Low Mileage Kitchen: Find the Italians, quick!

Fall fruit coffeecake

(Al Podgorski~Chicago Sun-Times) Photo styling by Judith Dunbar Hines.

Cooks who prefer to use what is most local and most seasonal religiously watch the calendar and the farmers markets for certain products that have the briefest of seasons. We breathlessly wait for those first strawberries or rhubarb in the spring.

We rhapsodize about summer’s tomatoes, the perfect August peach — and then suddenly it is October and the markets begin to slim down or close.

That’s when I know it’s time to search for plums. Not just any plums, although there are many choices from pale yellow-green to blackest black from which to choose.

But when the Italians arrive, I’m right there with my shopping bag at the ready.

Smaller and more egg-shaped than their plump cousins, Italian plums are dark blue with a powdery bloom much like blueberries.

They should be firm with only the slightest give when tenderly squeezed. The pulp is olive green and dense and when cut, a perfectly ripe one will easily give up its seed.

When cooked, oh the glorious fuchsia color it turns!

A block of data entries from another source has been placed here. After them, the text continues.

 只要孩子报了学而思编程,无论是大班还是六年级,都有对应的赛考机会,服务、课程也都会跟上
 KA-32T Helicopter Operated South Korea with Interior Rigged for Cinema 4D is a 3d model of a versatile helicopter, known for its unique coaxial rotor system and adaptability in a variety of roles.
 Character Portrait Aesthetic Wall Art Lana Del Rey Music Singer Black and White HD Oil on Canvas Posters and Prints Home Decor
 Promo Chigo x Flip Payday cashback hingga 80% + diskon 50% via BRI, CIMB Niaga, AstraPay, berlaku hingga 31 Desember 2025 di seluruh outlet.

As you might guess from its botanical name, Prunica domestica, most of the country’s yield ends up commercially dried and sold as prunes. And certainly prunes have their place, especially when used to stuff a winter pork roast or wrapped with bacon as an hors d’oeurve. While dried prunes are readily available year-round, make the most of the fresh fruit just off the tree during its very short presence.

For jams or desserts, match Italian plums with vanilla, nutmeg or lemon rind. In savory dishes, pair them with ricotta or chevre cheese, arugula, fennel, basil, bacon or lamb.

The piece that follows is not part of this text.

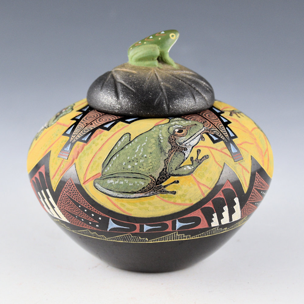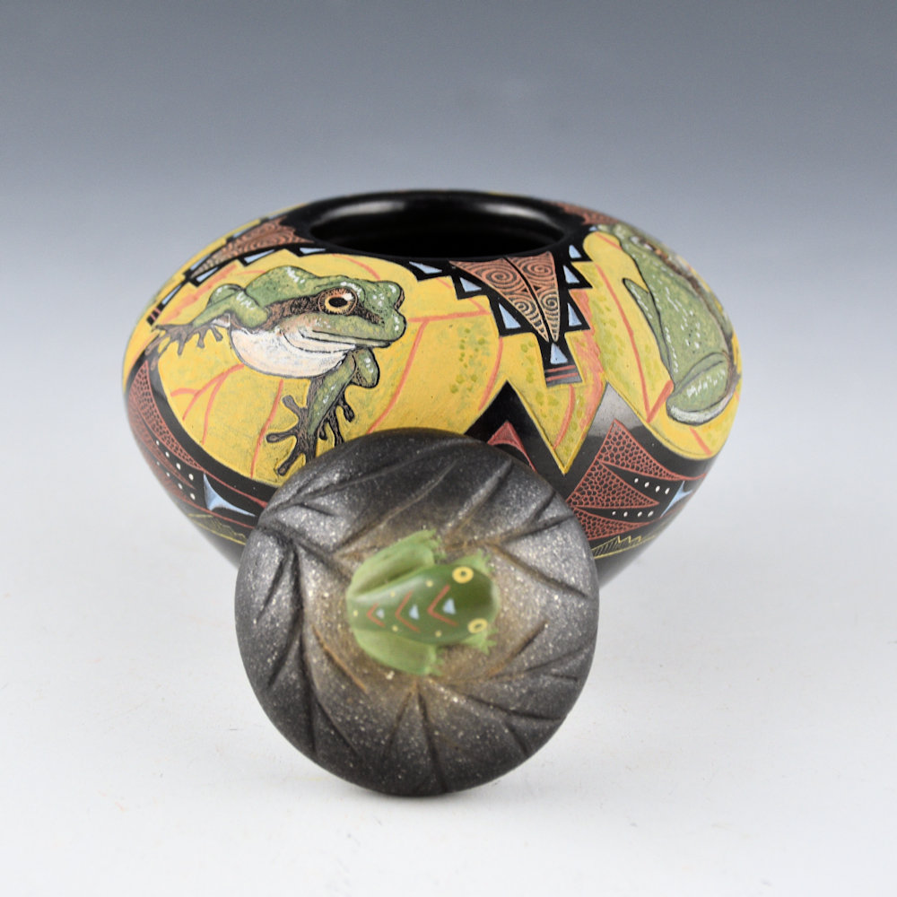 This is a creative bowl by Jennifer Tafoya.  The piece is round and fully polished.  On the top half, there are four Grey Tree Frogs, each on a leaf.  What is hard to see is that they way she has etched the leaves, the frogs appear to be on a raised surface!  It is a great optical illusion.  Each frog is highly detailed and note the details in the eyes!  They are surrounded by tiny etched geometric designs.  The bowl has a lid that is carved with leaves and there is a green polished frog on top!  It is also etched.  All the colorations are derived from natural clay slips.  It is signed on the bottom in the clay, “Jennifer Moquino”.  It is in excellent condition with no chips, cracks, restoration, or repair.  Jennifer continues to be one of the leading innovative potters working today!  She most recently won the “Tony Da Award” for innovative pottery at Santa Fe Indian Market in 2019 and “Best of Show” in 2023 and “Best of Pottery” in 2025!

The first thing I think of when I finally get my hands on a sackful is to make a coffeecake.

We don’t take time these days to sit down with neighbors over a cup of afternoon coffee as our grandmothers did, but this cake also is perfect for a weekend brunch or a simple, not-too-sweet dessert.

In fact, this recipe is one that adapts very easily once the fleeting plum season passes; sliced apples and pears work just as well.

One charming advantage of using the Italian plums however, is how they gather their sweet juices and turn them into a jam-like puddle in the cup formed in their pitted center as they sit, cut side up, on top of the coffeecake

Serve this fluffy cake slightly warm. And, if you can part with it, share with a neighbor.

It could be just what is needed to promote the return of the neighborly coffee klatsch.